Aus: Fürther Nachrichten, 27.12.2001

Kunststoffschornsteine verstecken Mobilfunkantennen
Kamin ist nur Attrappe
Denkmalschutz wahren – Bund Naturschutz will neue Prioritäten

FÜRTH – Sie sehen aus wie Schornsteine, werden aber niemals qualmen. Auf etlichen Fürther Dächern ragen plötzlich Kunststoffkamine in die Höhe, die neben den rauchenden Originalen durchaus echt wirken. Der Sinn der Sache: Die Attrappen verkleiden Mobilfunkantennen, um diese zu verbergen.

Helga Krause, zweite Vorsitzende des Bund Naturschutz (BN), traute ihren Augen nicht, als sie vor zehn Tagen durch die Mathildenstraße lief. Auf dem Dach eines Hauses installierten Arbeiter neben dem bisherigen Kamin zwei haargenau gleich aussehende Attrappen, hinter denen die bereits angebrachten Mobilfunkmasten verschwanden.

Das Haus steht unter Denkmalschutz. Und laut Unterer Denkmalschutzbehörde brauchen Eigentümer für Veränderungen am Gebäude eine offizielle Erlaubnis. Wer also seinem denkmalgeschützten Anwesen eine das Gesamtbild verschandelnde Antenne aufs Dach pfropfen möchte, muss um Genehmigung bitten. Und die wird nur erteilt, wenn der „Stein“ des Anstoßes versteckt wird. Zum Beispiel hinter einer Schornsteinattrappe.

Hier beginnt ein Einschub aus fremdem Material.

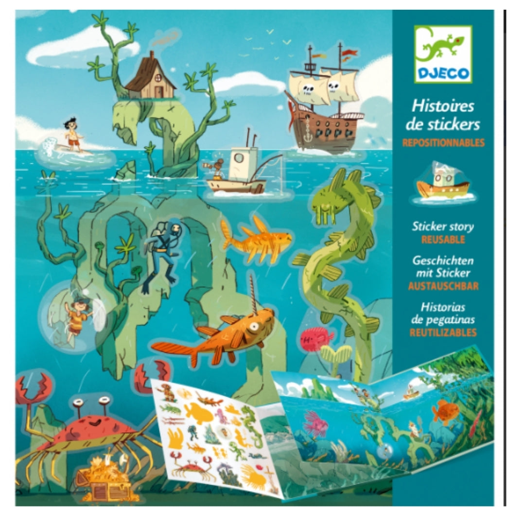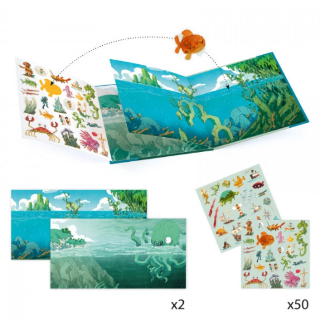 2 didelės panoramos, kurias galima papildyti perkeliamais lipdukais, norint sukurti smagias istorijas ir 2 puslapiai siluetų, kad būtų galima surinkti ir priklijuoti nepanaudotus lipdukus. Kadangi lipdukai daukartinio naudojmo, galite sukurti tiek istorijų, kiek norite!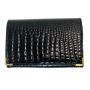 Vintage Black Leather Croc Stamp Organizer Wallet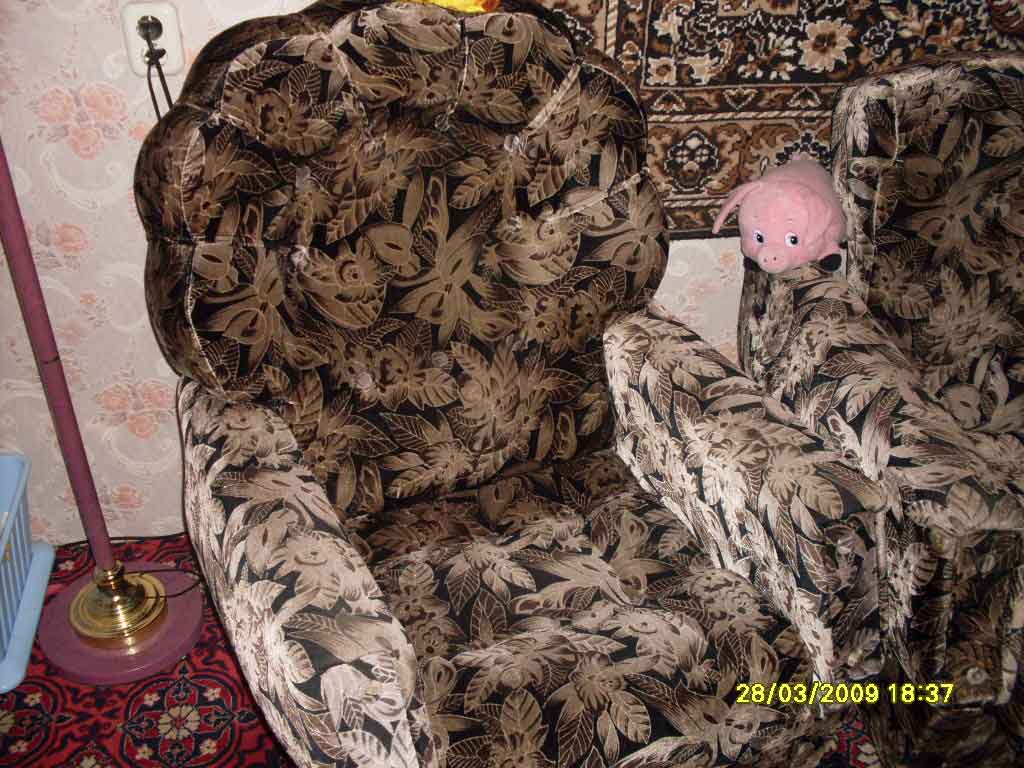 мягкая мебель (диван-книжка+2 кресла+ 2 пуфика) в хорошем состоянии. Ткань- велюр. Производство Россия.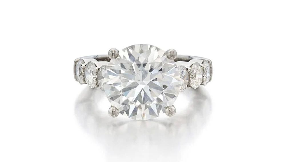Кольцо с круглым бриллиантом цвета E, весом 6,01 карата, чистоты VS2, окруженным круглыми бриллиантами, оценивается в 180 000 долларов: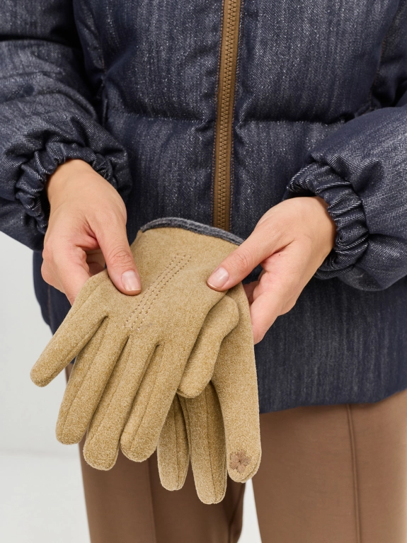 Трикотажные перчатки с деликатной вышивкой и патчем на запястье. Теплая текстильная подкладка. Используется технология iTouch, она создана специально для работы с сенсорными экранами. Благодаря этому не нужно снимать перчатки , чтобы ответить на звонок или написать сообщение.

„Ich finde es sehr ärgerlich, dass der Denkmalschutz Priorität hat und nicht die Gesundheit der Kinder“, moniert Helga Krause und verweist auf die Leopold-Ullstein-Realschule, die direkt gegenüber liegt. Solange nicht bewiesen sei, dass die Strahlung der Handymasten unschädlich ist, sollten sie ihrer Ansicht nach nicht in „sensiblen“ Bereichen aufgestellt werden, also in der Nähe von Schulen, Kliniken oder Kindergärten. „Mit den künstlichen Schornsteinen“, so findet Helga Krause, „schlagen die Mobilfunkbetreiber zwei Fliegen mit einer Klappe.“ Einerseits würden sie die Denkmalschutzauflagen wahren, andererseits aber die Anwohner in Sicherheit wiegen. Denn über Masten, die nicht sichtbar seien, rege sich niemand auf.

Helga Krause weiß, dass die Mobilfunkmasten in der Mathildenstraße noch gar nicht in Betrieb sind. Das haben eigene Messungen und Auskünfte des Ordnungsamtes ergeben. Sie weiß aber auch, dass sie irgendwann in Betrieb genommen werden sollen, genauso wie diejenigen in der Badstraße, die Arbeiter zwar kürzlich aus Denkmalschutzgründen abmontierten, demnächst aber unter Wahrung der behördlichen Auflagen wieder installieren wollen. Wahrscheinlich, so vermutet Krause, sind auch diese Sender dann verborgen.

Perfekt verbergen

„Wir verstecken Antennen – und das perfekt“ wirbt eine Spezialfirma im Internet für Antennen-Verkleidungen aller Art. Da gibt es Versteckmöglichkeiten hinter künstlichen Mauern, Holz- und Schiefernachbildungen, Kupferlamellen oder Dachverkleidungen. „So wird die Standortakquisition erleichtert und Eigentümer sind zugänglicher“, verspricht der Hersteller und verweist außerdem darauf, dass die Vorbehalte gegenüber Sendemasten minimiert werden, weil man die Funkeinrichtungen nicht sieht.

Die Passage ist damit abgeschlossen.